Businesses are quickly moving to NoSQL databases to meet performance and scalability requirements that today’s troves of data demand. The shift from relational database management systems (RDBMS) to NoSQL is becoming increasingly prevalent.
“Most applications that we see go to NoSQL are Greenfield, but we’ve also started to see more migrations recently from relational backends and there are really a lot of reasons for this,” Mark Gamble, the product and solutions marketing director at Couchbase, a NoSQL cloud database, said during a recent SD Times webinar.
While existing applications architected on an RDBMS may have worked well before, there are now a lot of changes coming and new expected demands in terms of scalability that the architecture wasn’t built to handle.
“Whether it’s because a cell provider wants to give more users more visibility into their data usage by making an external service remotely available, or perhaps it’s a retailer that suddenly has a lot of online orders, or a financial services firm that has increasing data volumes and is pursuing a more service-oriented and consolidated architecture.
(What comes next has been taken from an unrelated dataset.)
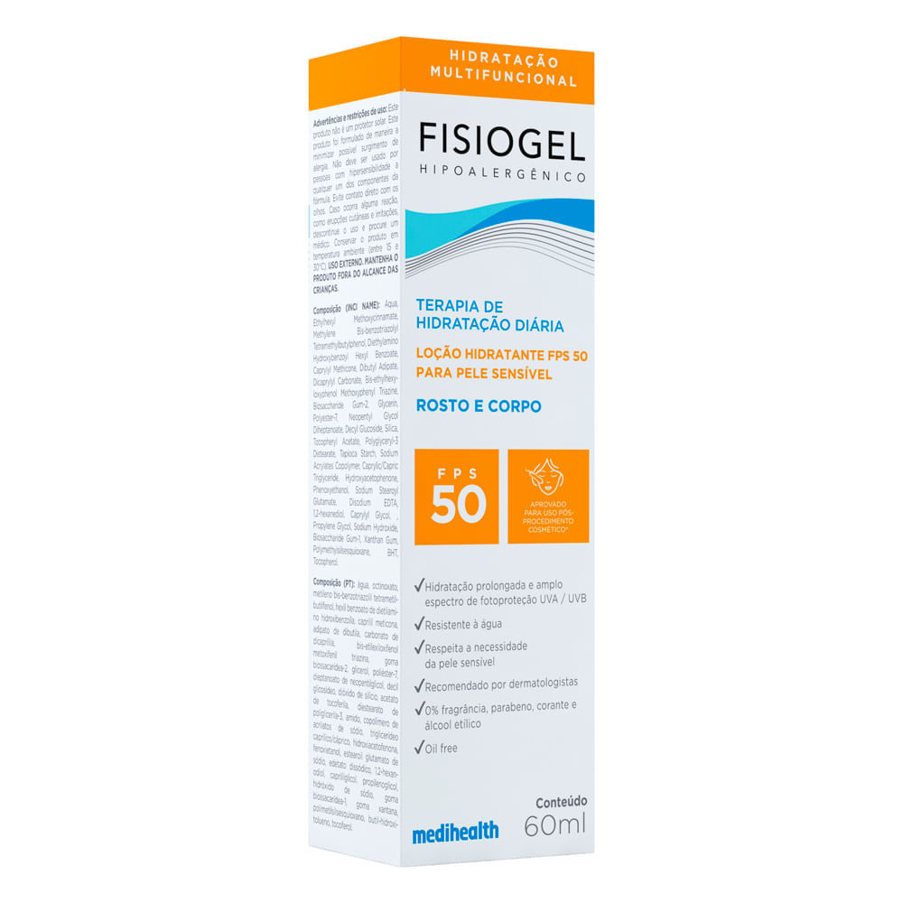 Fisiogel Loção Hidratante FPS 50 Rosto e Corpo Pele Sensível 60ml

Each of those examples follows this general pattern,” Gamble said. “Lots of change, very rapid, and the need for more reliability and better scalability.”
While organizations that are planning the switch realize the benefits, they are also wary that a technology migration involves risk, especially if it requires changing a data model.
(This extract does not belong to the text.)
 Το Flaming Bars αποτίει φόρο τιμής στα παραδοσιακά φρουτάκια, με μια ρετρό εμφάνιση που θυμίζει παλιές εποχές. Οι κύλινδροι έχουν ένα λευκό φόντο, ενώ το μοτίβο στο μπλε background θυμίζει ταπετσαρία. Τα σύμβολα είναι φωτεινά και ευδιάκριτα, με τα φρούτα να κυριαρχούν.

There are many ways to go about this with different levels of risk and effort required. “We’re really balancing performance and scale with our effort and risk,” Gamble said.
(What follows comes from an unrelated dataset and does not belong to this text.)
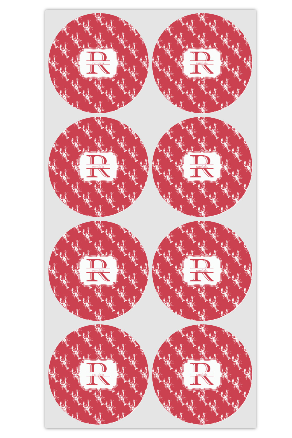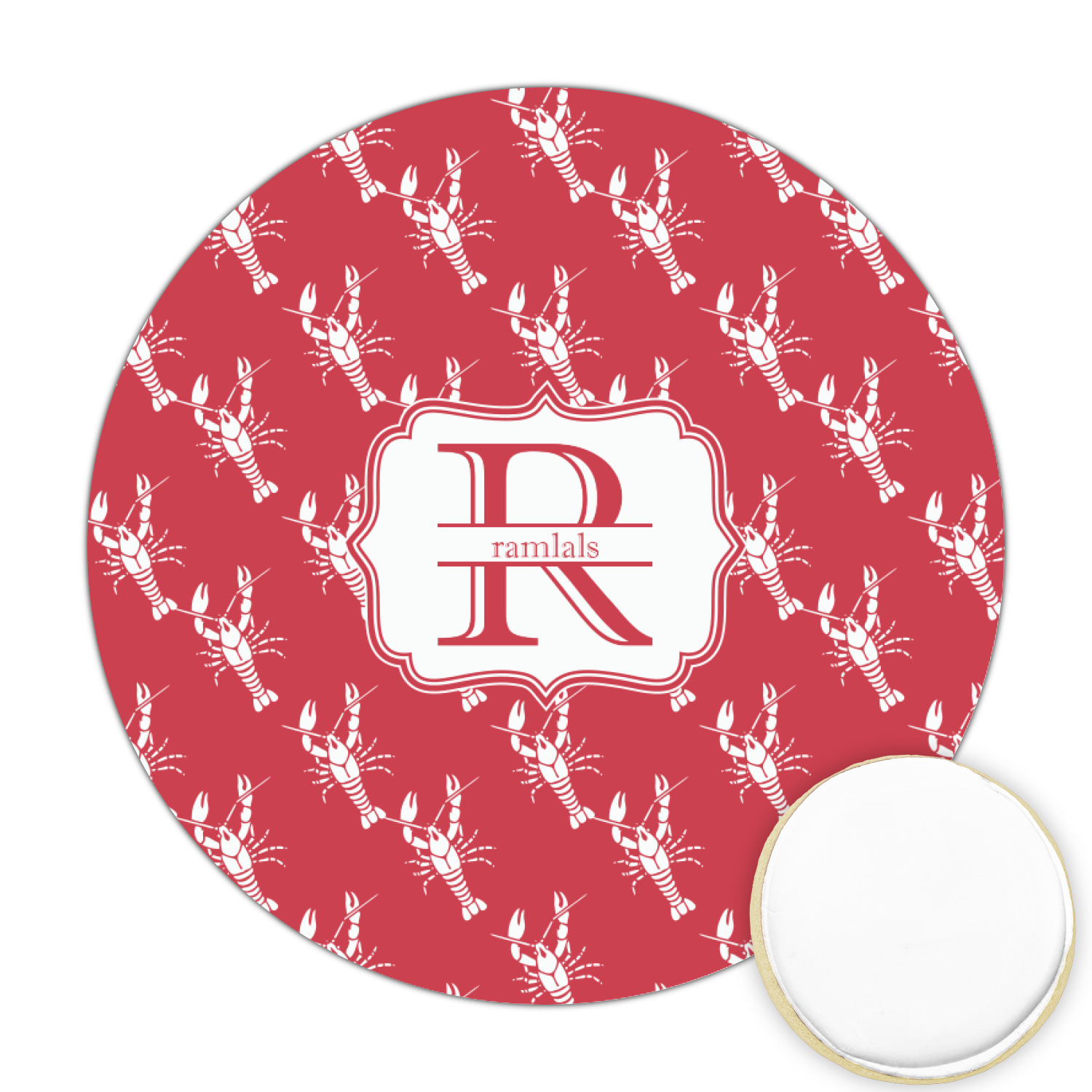 The design is done is a red background with white crawfish, while the personalization is inside a beautiful decorative rectangular frame. The personalization style is an initial along with the name.

Rewriting the application entirely or redesigning the schema tend to be extremely difficult to pull off right.
That’s why businesses tend to opt towards two less invasive options. One is refactoring first, in which organizations keep everything, but refactor the data logic and RDBMS schema into a best practices NoSQL schema.
Another is the “optimize later” approach in which organizations host their schema with as few changes as possible, get the application running on the new technology, and refactor/optimize the schema as necessary for performance moving forward. This is the option that offers the best balance of quick migration and low risk and effort, according to Gamble.
For this option, organizations need to have a NoSQL database that supports SQL, ACID transactions, and Joins. They also need to understand how the tables and rows relate to documents, according to Gamble. There will also be SQL Dialect transitions similar to when going between two RDBMS’s.
“Once we get everything running, we might not see the performance improvements until we optimize. We need to really expect that upfront,” Gamble said. “When we move to a distributed architecture, there is a different sweet spot for performance.”
When optimizing, it’s important to minimize joins by eliminating disparate tables and incorporating the detail directly to the record. Other considerations include using well-designed application code as a guide and to think in terms of entities.
Also, in trying to optimize, organizations should strive to reduce the amount of explicit transactions and joins required where it will have a definite impact on performance, according to Gamble.
“If you begin optimizing and then see acceptable performance, your optimization might be complete. You may meet requirements with less work than you thought,” Gamble said.